BEGIN Record extracts

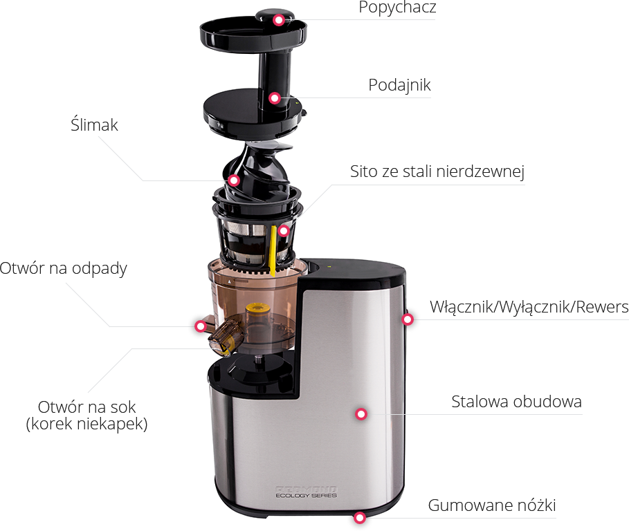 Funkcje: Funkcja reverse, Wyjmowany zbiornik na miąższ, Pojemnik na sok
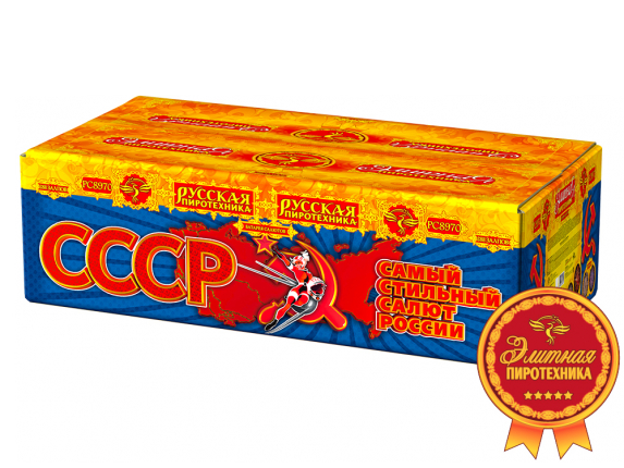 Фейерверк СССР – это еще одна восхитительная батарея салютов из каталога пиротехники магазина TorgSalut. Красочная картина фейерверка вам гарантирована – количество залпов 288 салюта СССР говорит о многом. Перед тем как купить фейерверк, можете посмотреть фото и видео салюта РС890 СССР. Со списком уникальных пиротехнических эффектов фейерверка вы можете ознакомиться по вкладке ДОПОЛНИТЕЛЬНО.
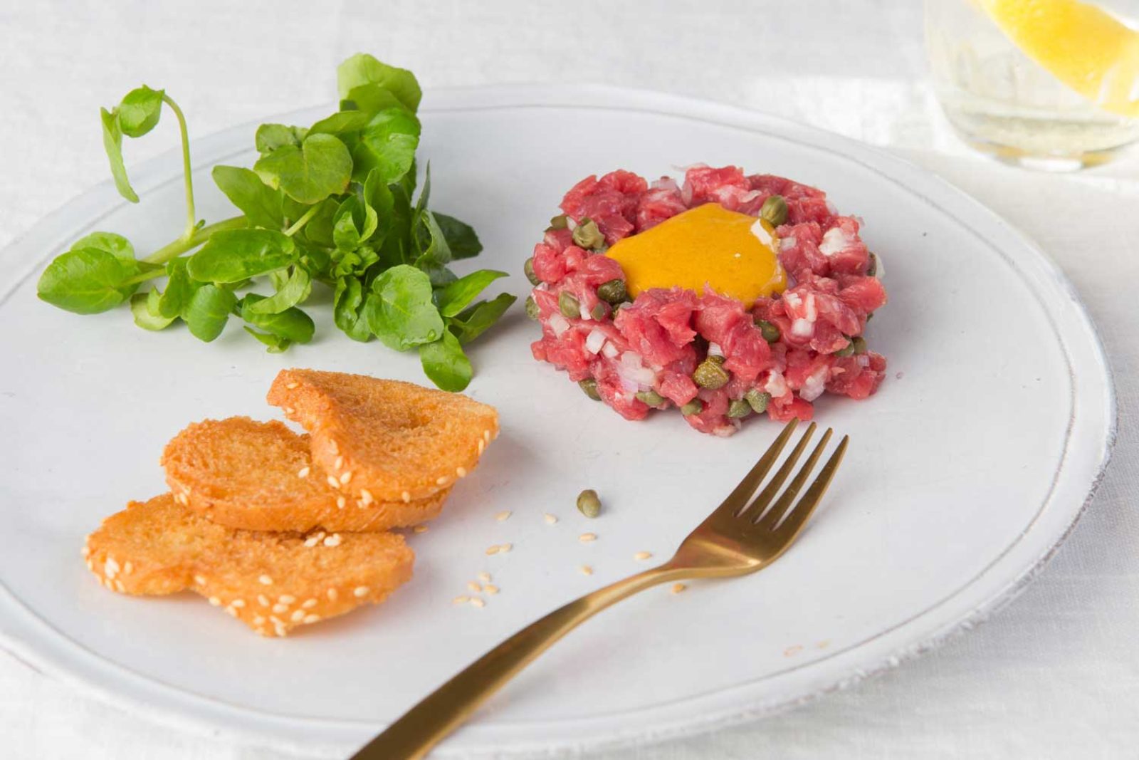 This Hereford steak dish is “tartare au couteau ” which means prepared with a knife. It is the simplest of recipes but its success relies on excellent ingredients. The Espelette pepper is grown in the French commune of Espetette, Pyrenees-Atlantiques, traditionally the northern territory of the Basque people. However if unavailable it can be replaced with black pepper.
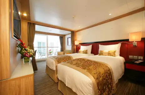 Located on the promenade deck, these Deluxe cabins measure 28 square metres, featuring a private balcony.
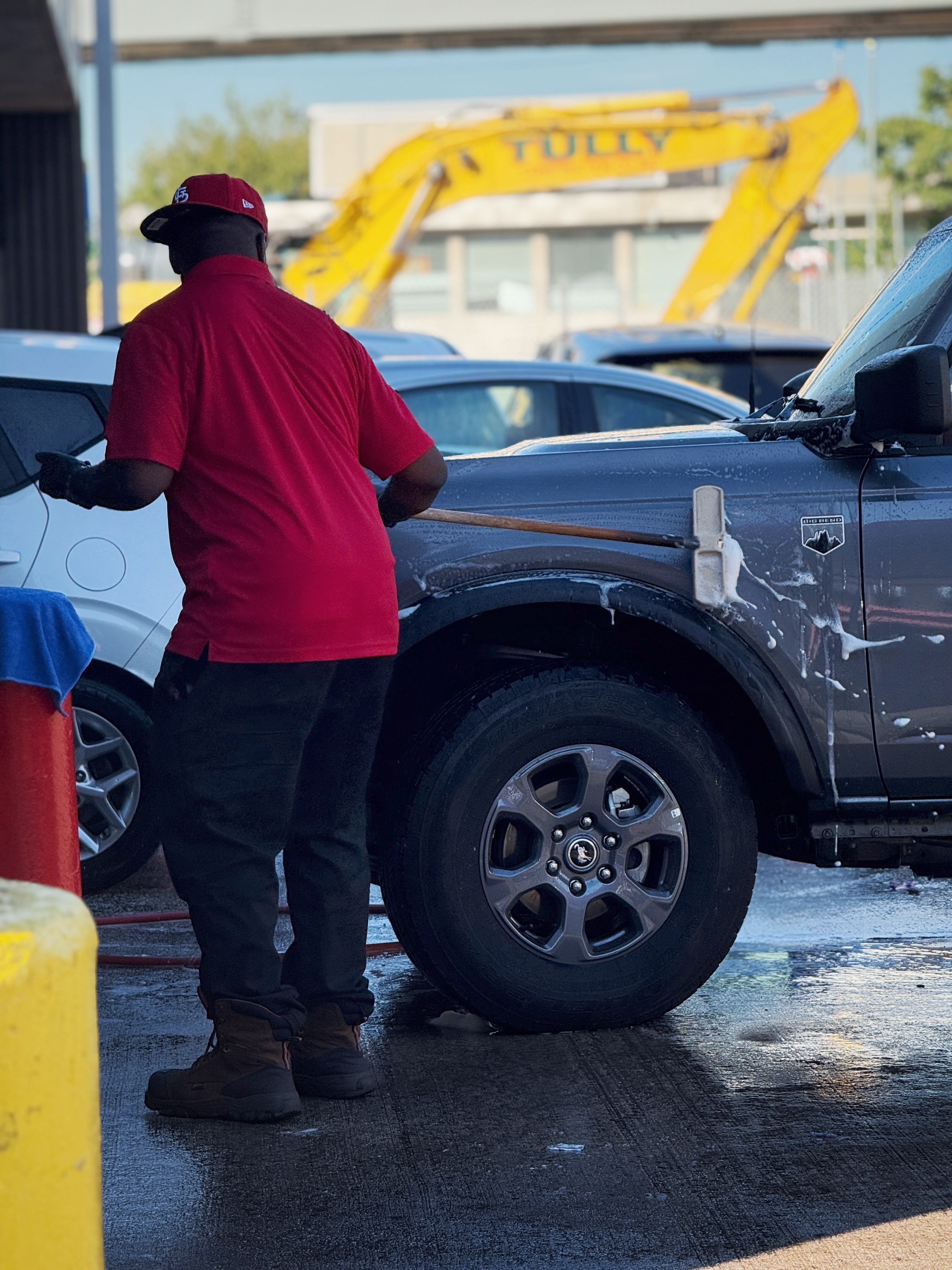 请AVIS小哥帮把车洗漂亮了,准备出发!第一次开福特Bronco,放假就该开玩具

END Record extracts
BEGIN Record extracts

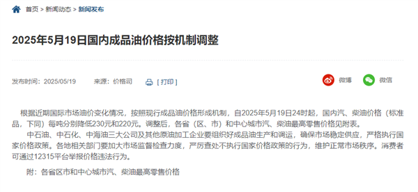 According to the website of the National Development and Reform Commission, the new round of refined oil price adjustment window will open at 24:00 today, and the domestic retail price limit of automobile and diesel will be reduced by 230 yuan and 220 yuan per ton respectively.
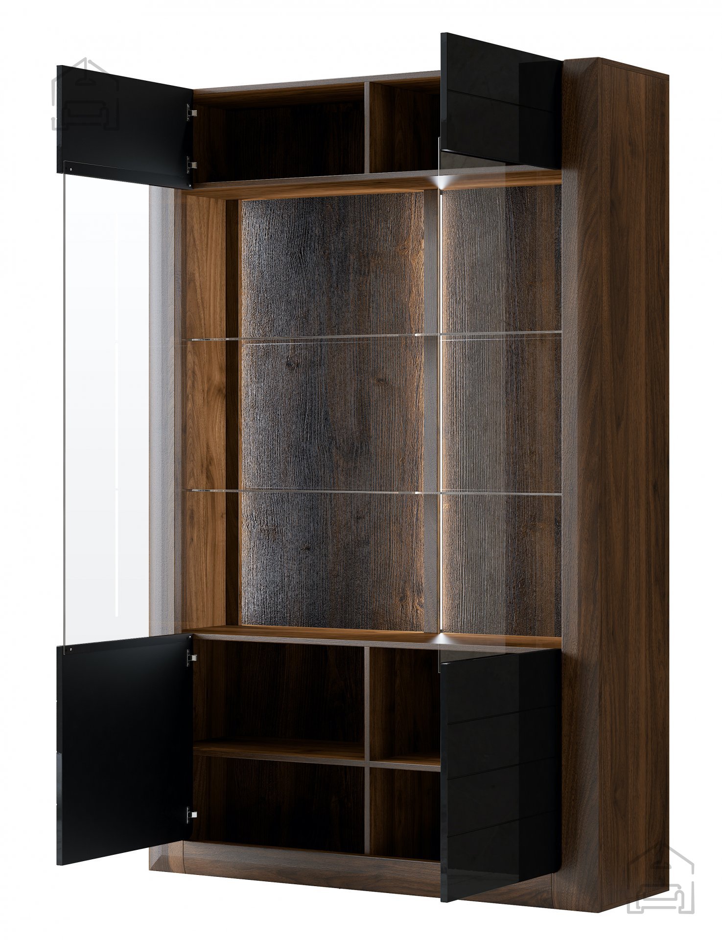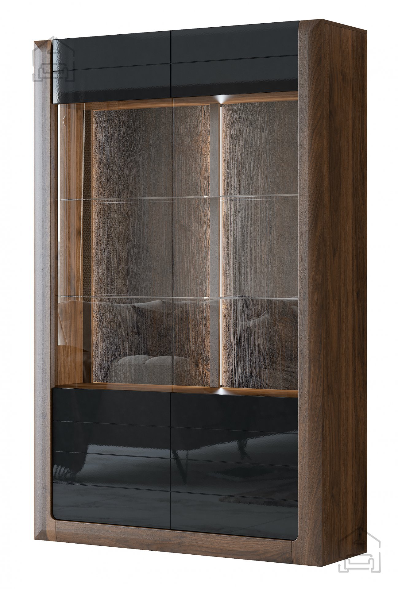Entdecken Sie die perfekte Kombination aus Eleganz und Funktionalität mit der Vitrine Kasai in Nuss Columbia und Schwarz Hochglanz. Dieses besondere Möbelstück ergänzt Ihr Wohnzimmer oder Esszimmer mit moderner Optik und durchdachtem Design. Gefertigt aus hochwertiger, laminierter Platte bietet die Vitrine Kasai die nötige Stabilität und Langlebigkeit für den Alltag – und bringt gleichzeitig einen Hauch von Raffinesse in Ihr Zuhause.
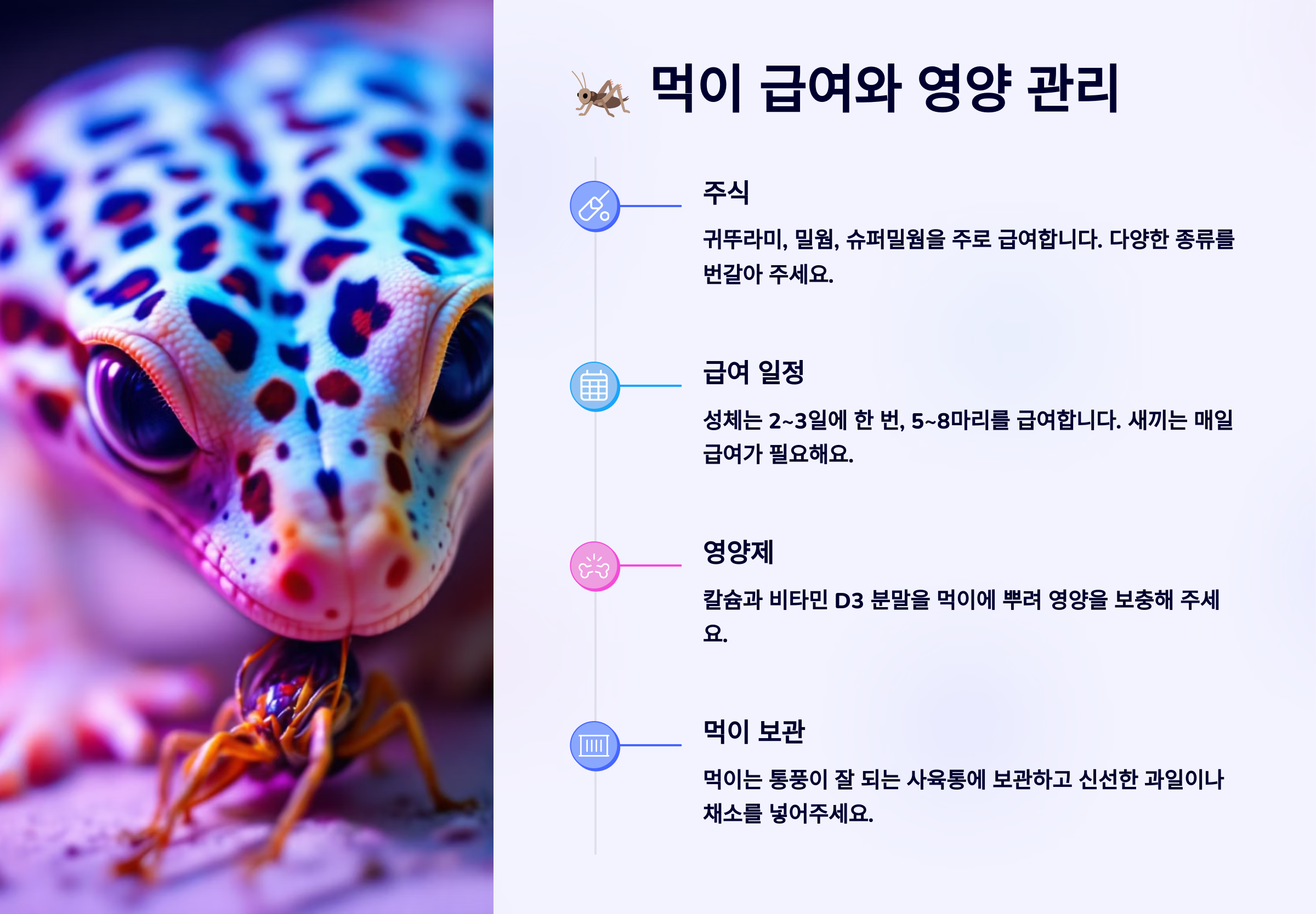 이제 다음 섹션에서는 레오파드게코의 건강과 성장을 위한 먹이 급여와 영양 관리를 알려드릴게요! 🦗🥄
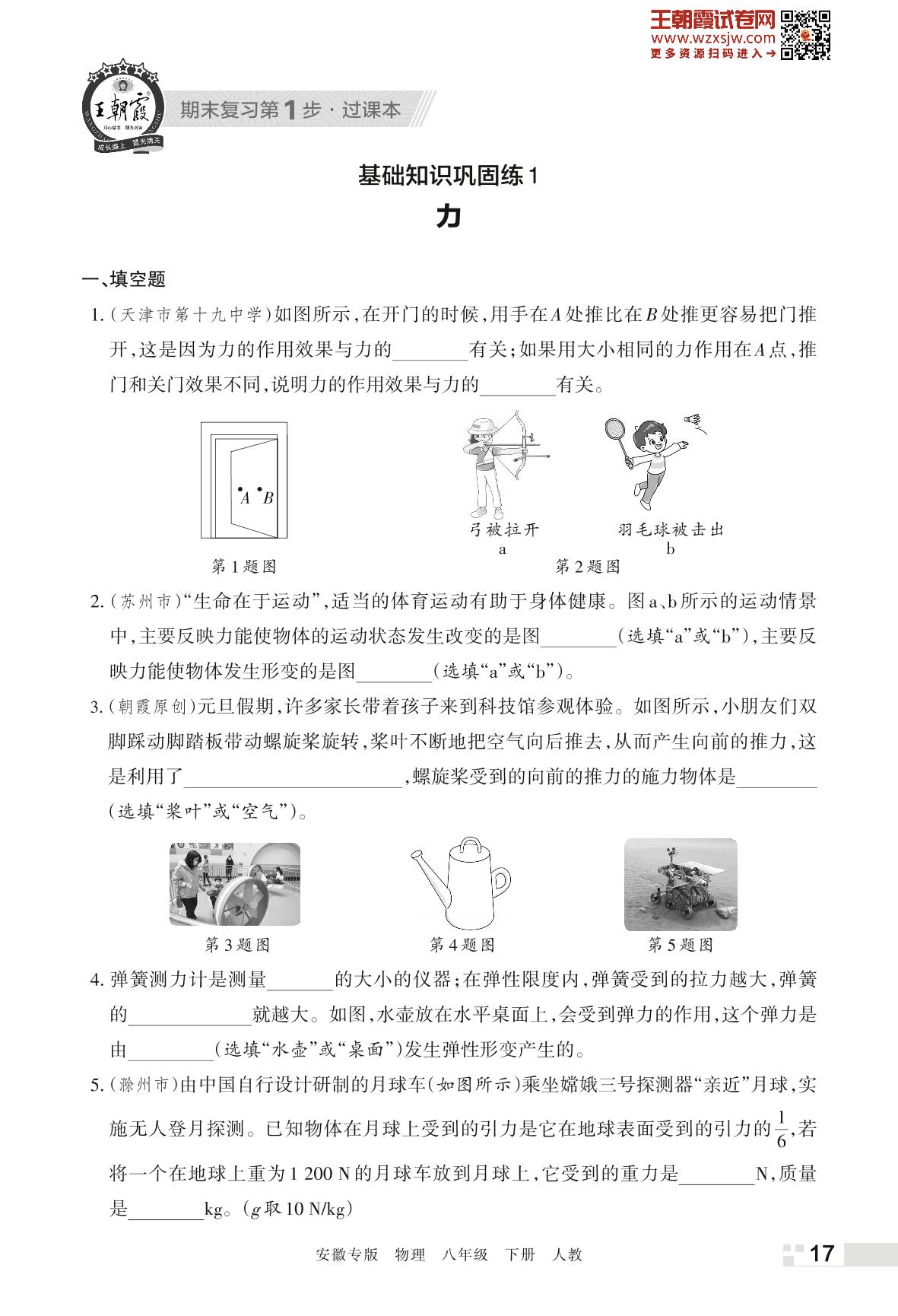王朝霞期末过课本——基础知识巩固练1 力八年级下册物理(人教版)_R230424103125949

END Record extracts
BEGIN Record extracts

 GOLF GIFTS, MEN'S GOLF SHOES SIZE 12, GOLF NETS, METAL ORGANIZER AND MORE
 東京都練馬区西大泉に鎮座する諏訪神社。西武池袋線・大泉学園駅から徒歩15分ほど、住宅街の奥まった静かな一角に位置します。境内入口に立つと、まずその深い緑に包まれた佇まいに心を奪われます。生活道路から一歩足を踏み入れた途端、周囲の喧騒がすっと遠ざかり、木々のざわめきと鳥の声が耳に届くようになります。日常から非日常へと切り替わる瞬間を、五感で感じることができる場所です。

END Record extracts

Prompt:
Starting at the line above that holds "Entdecken Sie die", return each line up to and including the one that holds "이제 다음 섹션에서는", exactly as written, minus any pictures.

Response to the exercise:
Entdecken Sie die perfekte Kombination aus Eleganz und Funktionalität mit der Vitrine Kasai in Nuss Columbia und Schwarz Hochglanz. Dieses besondere Möbelstück ergänzt Ihr Wohnzimmer oder Esszimmer mit moderner Optik und durchdachtem Design. Gefertigt aus hochwertiger, laminierter Platte bietet die Vitrine Kasai die nötige Stabilität und Langlebigkeit für den Alltag – und bringt gleichzeitig einen Hauch von Raffinesse in Ihr Zuhause.
 이제 다음 섹션에서는 레오파드게코의 건강과 성장을 위한 먹이 급여와 영양 관리를 알려드릴게요! 🦗🥄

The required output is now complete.